> [Data provided]
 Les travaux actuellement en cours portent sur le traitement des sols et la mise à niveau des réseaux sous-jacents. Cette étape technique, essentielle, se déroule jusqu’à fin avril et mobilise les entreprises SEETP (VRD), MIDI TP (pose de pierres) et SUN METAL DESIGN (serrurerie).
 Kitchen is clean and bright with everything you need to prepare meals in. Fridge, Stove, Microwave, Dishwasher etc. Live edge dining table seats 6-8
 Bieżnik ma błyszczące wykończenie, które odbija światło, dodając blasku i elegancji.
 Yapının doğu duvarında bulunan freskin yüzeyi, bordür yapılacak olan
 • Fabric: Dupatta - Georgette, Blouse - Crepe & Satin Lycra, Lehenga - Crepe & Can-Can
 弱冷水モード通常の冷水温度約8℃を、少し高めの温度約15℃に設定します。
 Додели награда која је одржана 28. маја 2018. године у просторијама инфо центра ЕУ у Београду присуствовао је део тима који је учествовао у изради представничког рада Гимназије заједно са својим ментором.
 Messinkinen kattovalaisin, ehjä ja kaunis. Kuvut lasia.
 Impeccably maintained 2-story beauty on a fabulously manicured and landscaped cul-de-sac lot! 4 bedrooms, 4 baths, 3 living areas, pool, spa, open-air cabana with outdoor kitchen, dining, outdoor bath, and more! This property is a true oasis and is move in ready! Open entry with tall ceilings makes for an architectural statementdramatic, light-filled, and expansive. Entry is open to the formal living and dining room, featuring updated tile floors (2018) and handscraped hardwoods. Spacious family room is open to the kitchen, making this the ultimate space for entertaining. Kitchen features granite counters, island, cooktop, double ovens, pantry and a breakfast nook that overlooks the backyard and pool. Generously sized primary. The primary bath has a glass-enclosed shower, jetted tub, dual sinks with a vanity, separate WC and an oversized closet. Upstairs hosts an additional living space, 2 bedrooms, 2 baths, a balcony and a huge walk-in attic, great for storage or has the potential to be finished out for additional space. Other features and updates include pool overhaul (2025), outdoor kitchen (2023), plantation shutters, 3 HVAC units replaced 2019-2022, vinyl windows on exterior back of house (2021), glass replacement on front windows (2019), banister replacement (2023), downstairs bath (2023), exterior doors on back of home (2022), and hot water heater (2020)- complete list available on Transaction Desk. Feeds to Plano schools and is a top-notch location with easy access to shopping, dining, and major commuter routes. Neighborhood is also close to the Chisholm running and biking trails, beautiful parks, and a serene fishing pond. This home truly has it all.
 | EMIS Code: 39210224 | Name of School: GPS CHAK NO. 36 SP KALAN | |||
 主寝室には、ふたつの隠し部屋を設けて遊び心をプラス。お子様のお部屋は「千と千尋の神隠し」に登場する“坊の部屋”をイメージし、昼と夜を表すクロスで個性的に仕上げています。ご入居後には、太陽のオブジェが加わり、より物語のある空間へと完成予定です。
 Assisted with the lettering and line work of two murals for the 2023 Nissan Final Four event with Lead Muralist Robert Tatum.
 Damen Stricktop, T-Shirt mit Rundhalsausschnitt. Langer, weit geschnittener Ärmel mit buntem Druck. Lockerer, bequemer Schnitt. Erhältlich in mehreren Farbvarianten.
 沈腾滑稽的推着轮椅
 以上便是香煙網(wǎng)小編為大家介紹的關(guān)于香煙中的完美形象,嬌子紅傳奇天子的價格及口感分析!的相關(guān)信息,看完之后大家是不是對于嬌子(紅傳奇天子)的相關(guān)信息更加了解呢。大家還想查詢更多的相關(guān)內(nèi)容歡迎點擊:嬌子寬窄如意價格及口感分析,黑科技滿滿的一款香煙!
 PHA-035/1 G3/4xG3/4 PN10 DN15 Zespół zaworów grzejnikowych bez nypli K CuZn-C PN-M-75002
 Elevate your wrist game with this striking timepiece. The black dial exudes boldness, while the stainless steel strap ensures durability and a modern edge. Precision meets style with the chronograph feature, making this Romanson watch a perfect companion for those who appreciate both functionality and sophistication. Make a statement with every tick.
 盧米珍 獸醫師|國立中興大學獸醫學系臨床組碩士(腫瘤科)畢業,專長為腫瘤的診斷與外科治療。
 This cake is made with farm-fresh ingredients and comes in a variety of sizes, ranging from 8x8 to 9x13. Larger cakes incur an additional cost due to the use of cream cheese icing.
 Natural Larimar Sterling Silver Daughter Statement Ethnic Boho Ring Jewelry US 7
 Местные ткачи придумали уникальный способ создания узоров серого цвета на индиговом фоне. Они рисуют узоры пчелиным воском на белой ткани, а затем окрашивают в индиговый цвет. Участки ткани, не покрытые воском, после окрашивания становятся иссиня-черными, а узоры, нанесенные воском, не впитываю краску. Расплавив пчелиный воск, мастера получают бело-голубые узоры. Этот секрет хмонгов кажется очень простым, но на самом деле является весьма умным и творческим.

> [Exercise goal] Across the entries above, find each line with the word "edge" and please copy it out.

> [Written response]
 Kitchen is clean and bright with everything you need to prepare meals in. Fridge, Stove, Microwave, Dishwasher etc. Live edge dining table seats 6-8
 Elevate your wrist game with this striking timepiece. The black dial exudes boldness, while the stainless steel strap ensures durability and a modern edge. Precision meets style with the chronograph feature, making this Romanson watch a perfect companion for those who appreciate both functionality and sophistication. Make a statement with every tick.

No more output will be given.